What you have to do:
Print the lines below word for word, beginning with the first and ending with the line that holds "4 дюйма IPS", and skip every picture.

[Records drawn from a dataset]
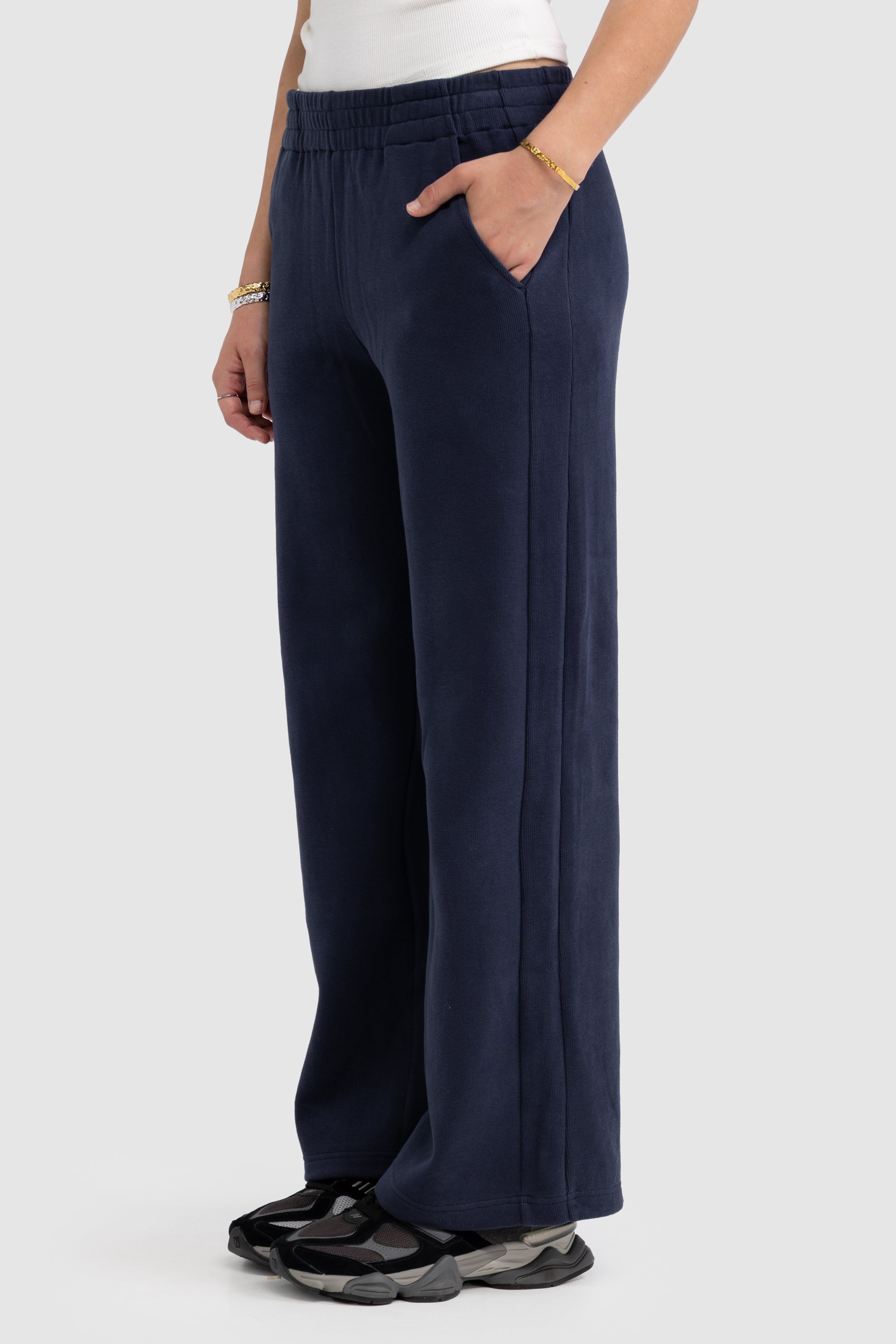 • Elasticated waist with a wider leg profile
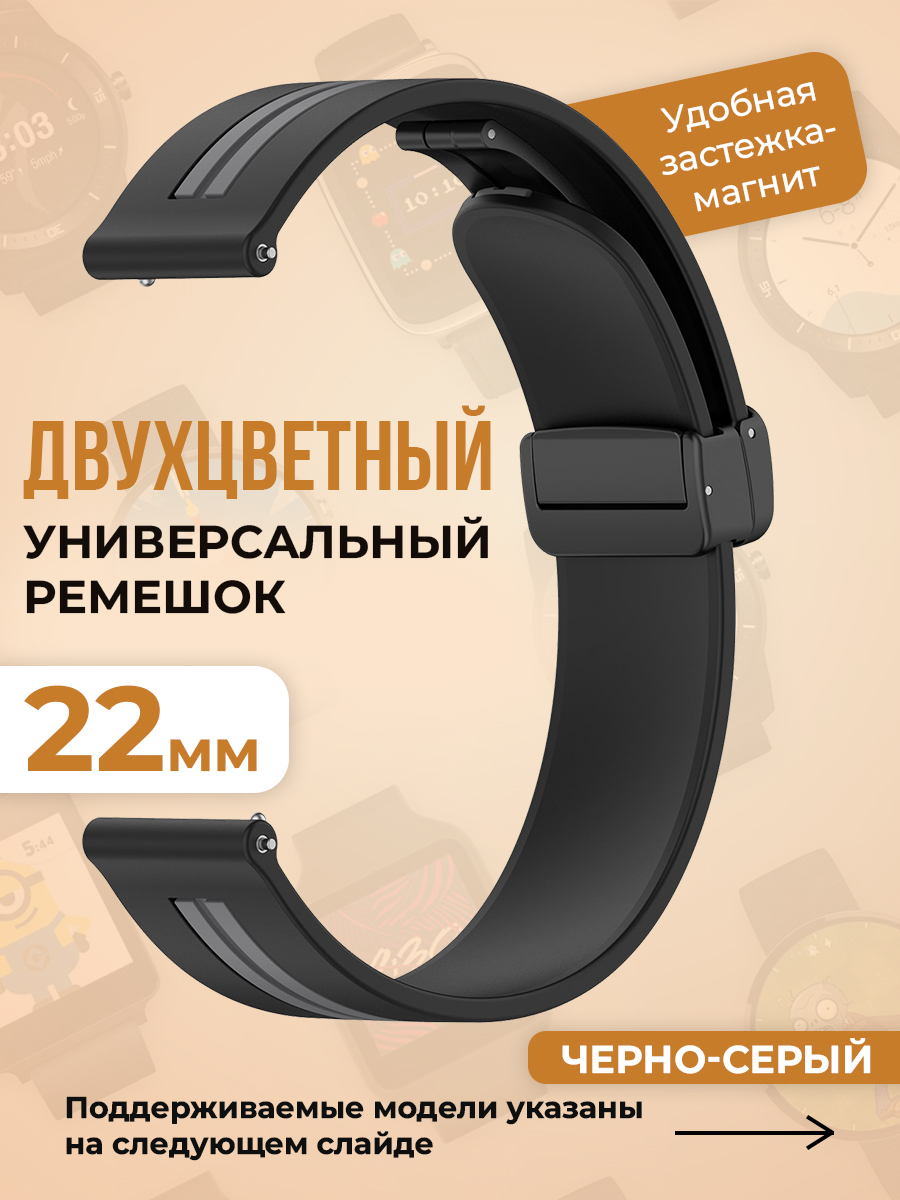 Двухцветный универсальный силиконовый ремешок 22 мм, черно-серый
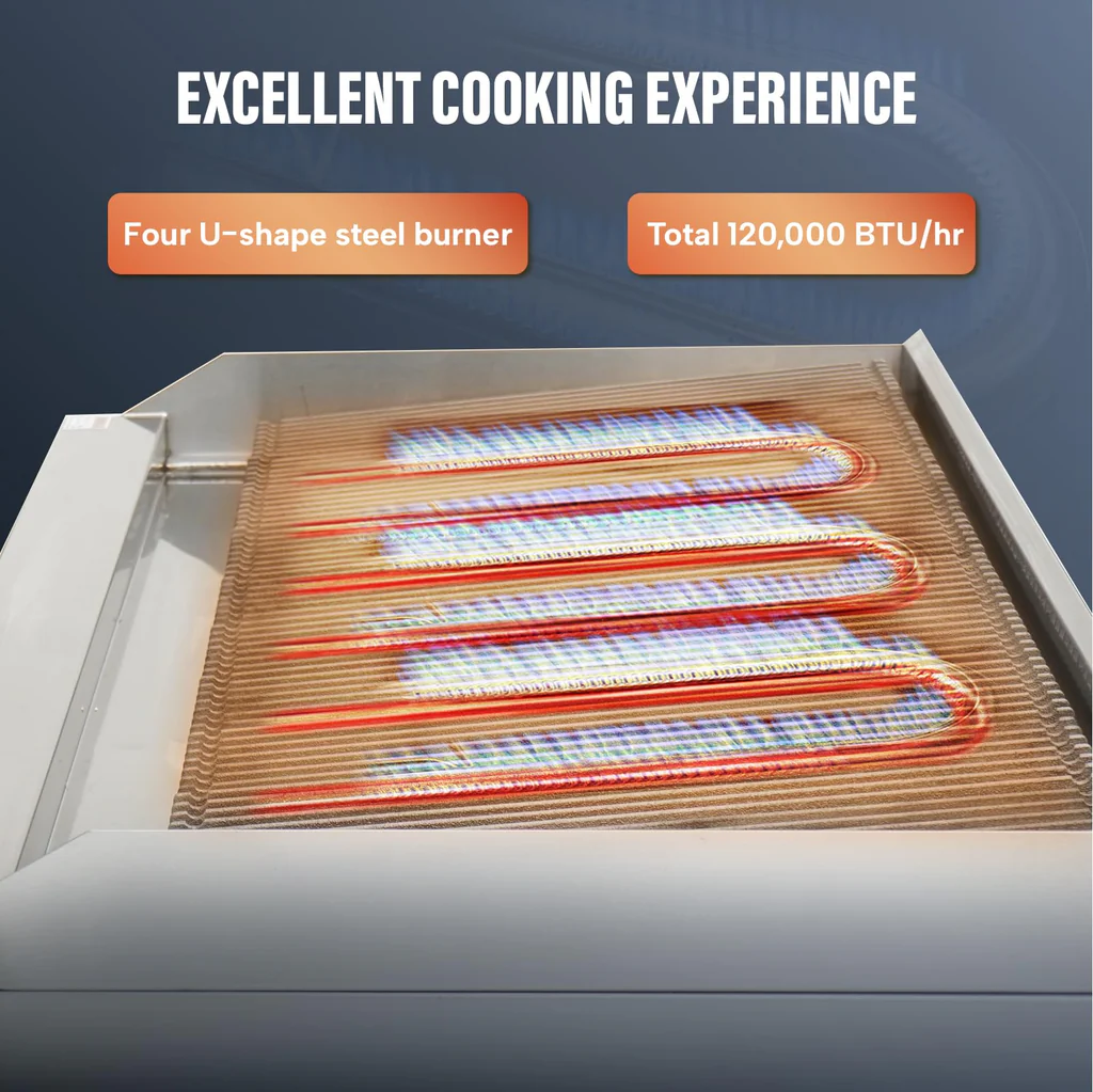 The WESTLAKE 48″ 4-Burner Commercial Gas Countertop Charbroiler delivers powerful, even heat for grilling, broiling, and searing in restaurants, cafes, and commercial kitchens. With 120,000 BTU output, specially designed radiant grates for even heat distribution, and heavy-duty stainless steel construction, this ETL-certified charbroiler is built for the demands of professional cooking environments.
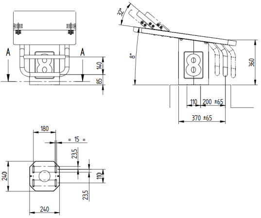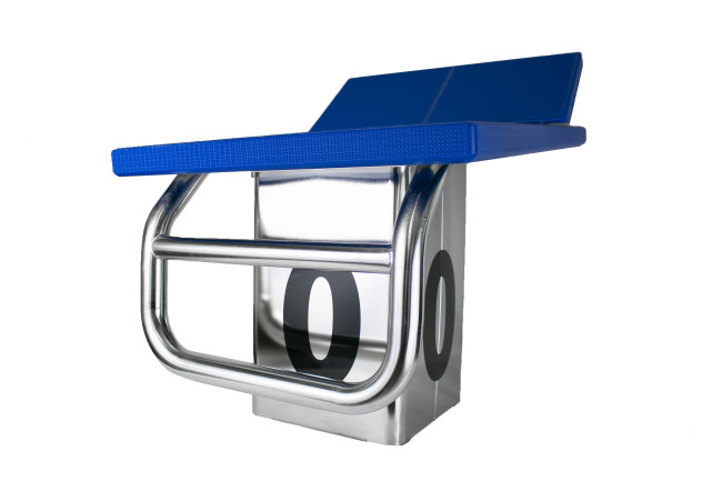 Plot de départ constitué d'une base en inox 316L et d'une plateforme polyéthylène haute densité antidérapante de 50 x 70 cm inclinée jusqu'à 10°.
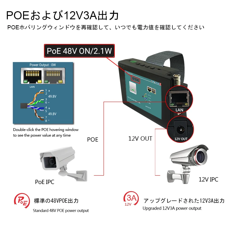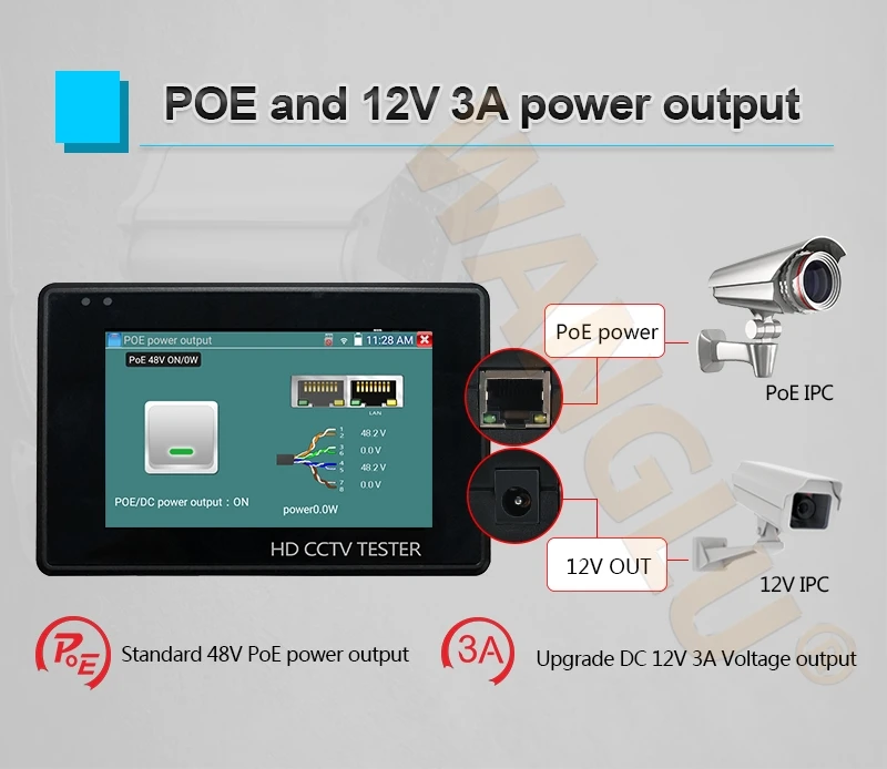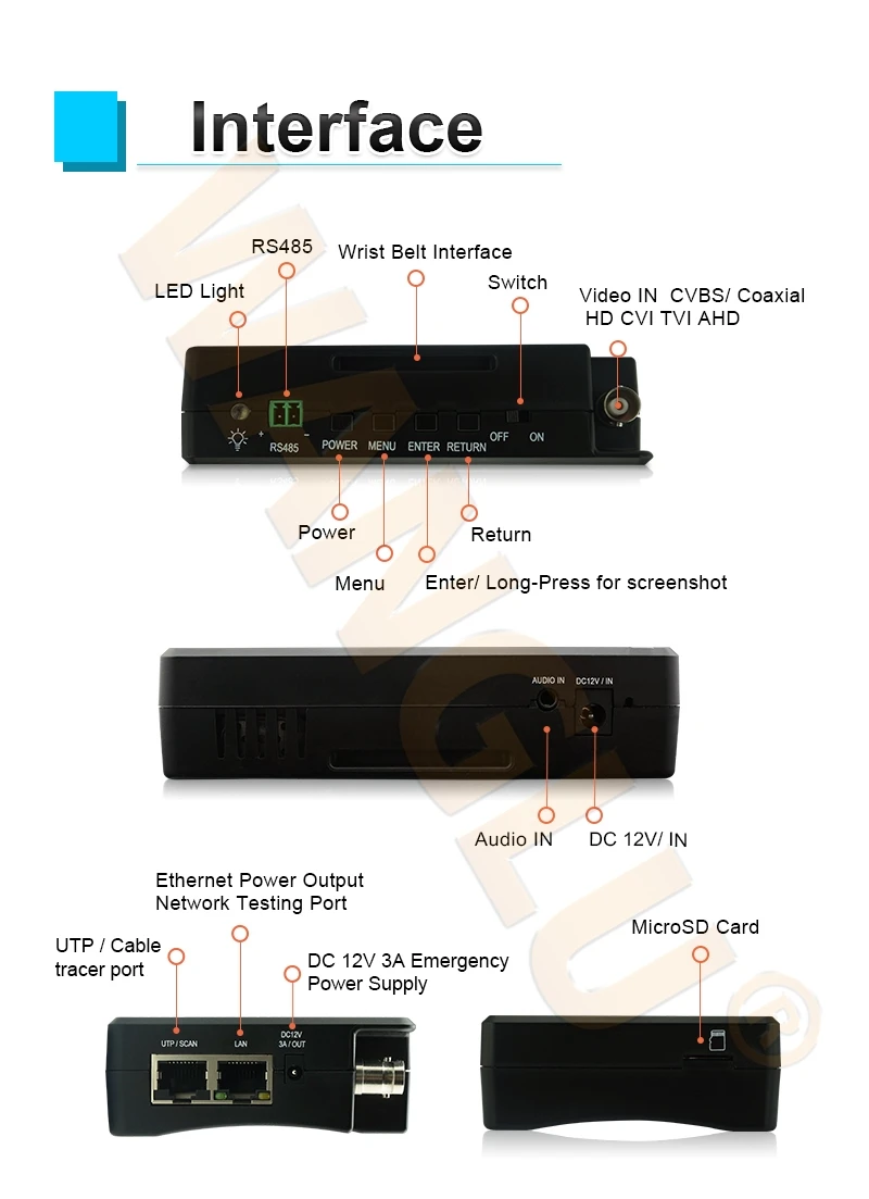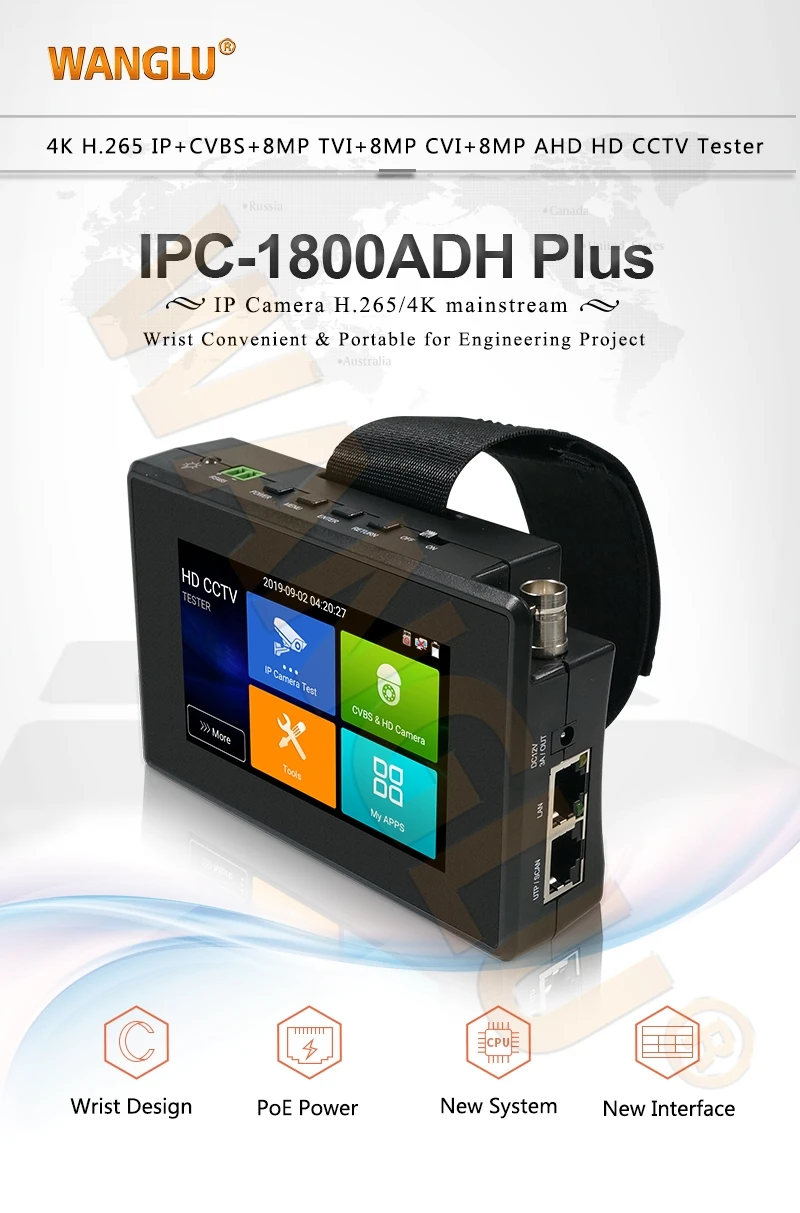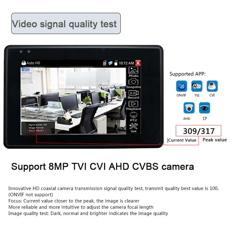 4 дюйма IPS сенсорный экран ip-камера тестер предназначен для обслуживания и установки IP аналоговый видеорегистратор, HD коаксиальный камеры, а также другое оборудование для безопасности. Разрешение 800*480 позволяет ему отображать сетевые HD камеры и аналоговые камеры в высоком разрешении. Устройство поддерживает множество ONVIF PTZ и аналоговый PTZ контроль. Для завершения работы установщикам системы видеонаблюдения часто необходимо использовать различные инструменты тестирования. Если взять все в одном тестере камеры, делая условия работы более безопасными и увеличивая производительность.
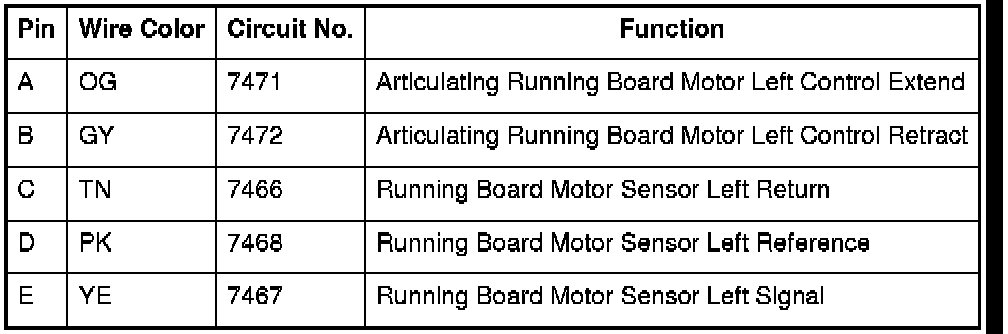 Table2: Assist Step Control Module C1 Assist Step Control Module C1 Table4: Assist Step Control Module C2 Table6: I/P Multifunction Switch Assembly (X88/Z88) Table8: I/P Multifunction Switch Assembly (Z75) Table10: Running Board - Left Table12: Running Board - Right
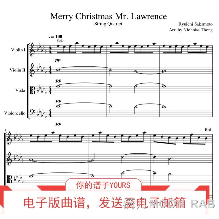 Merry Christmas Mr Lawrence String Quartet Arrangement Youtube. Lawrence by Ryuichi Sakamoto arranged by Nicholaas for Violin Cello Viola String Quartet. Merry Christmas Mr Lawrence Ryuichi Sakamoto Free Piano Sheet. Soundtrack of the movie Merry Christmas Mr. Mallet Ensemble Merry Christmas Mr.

Response to the task:
 • Elasticated waist with a wider leg profile
 Двухцветный универсальный силиконовый ремешок 22 мм, черно-серый
 The WESTLAKE 48″ 4-Burner Commercial Gas Countertop Charbroiler delivers powerful, even heat for grilling, broiling, and searing in restaurants, cafes, and commercial kitchens. With 120,000 BTU output, specially designed radiant grates for even heat distribution, and heavy-duty stainless steel construction, this ETL-certified charbroiler is built for the demands of professional cooking environments.
 Plot de départ constitué d'une base en inox 316L et d'une plateforme polyéthylène haute densité antidérapante de 50 x 70 cm inclinée jusqu'à 10°.
 4 дюйма IPS сенсорный экран ip-камера тестер предназначен для обслуживания и установки IP аналоговый видеорегистратор, HD коаксиальный камеры, а также другое оборудование для безопасности. Разрешение 800*480 позволяет ему отображать сетевые HD камеры и аналоговые камеры в высоком разрешении. Устройство поддерживает множество ONVIF PTZ и аналоговый PTZ контроль. Для завершения работы установщикам системы видеонаблюдения часто необходимо использовать различные инструменты тестирования. Если взять все в одном тестере камеры, делая условия работы более безопасными и увеличивая производительность.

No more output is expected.